Out of all the unique tracks sold (1806 tracks) by the store, ~91% comprises of unprotected media.

## Conclusion
Some of the findings are :

* From analysing the most commonly sold genres in USA , its found that Rock music tracks are most liked by the music lovers which is around 53.378 % followed by Alternative &Punk,Metal,R&B/Soul in that order.

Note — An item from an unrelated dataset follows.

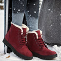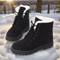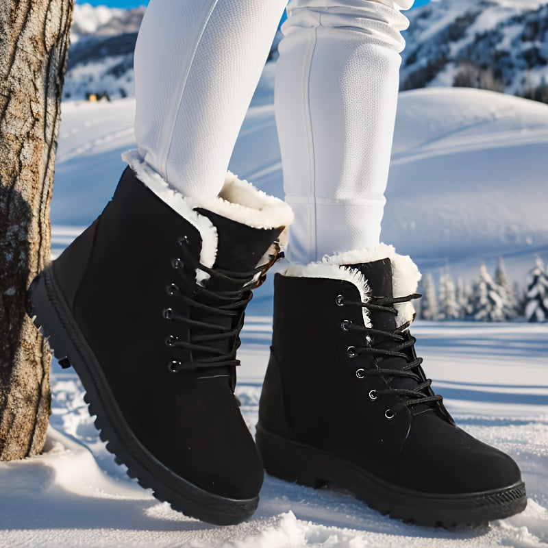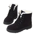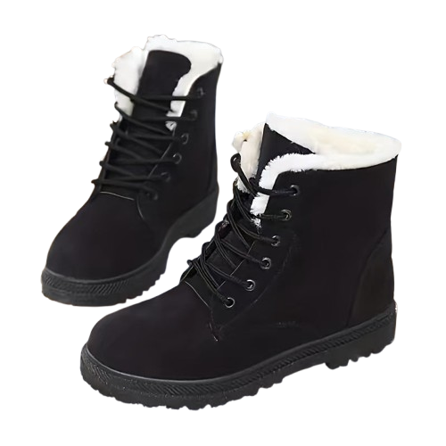 Deze zwarte winterboots zijn ontworpen om je voeten warm en comfortabel te houden tijdens koude dagen. De binnenkant is volledig gevoerd met zacht, wit imitatiebont dat zorgt voor extra warmte en draagcomfort. De laarzen hebben een stevige rubberen profielzool die goede grip biedt op sneeuw en gladde ondergronden.

* The chinook store should continue to buy single tracks from record companies since the percentage of full album purchased is only about 18.56 % where as single track purchase is 81.43 % .
* Tracks belonging to Rock genre is more popular than other genres and the store has about 37.03 % of tracks in Rock genre .
* Non protected media types more popular with a track sales of 90.71 % than protected media types.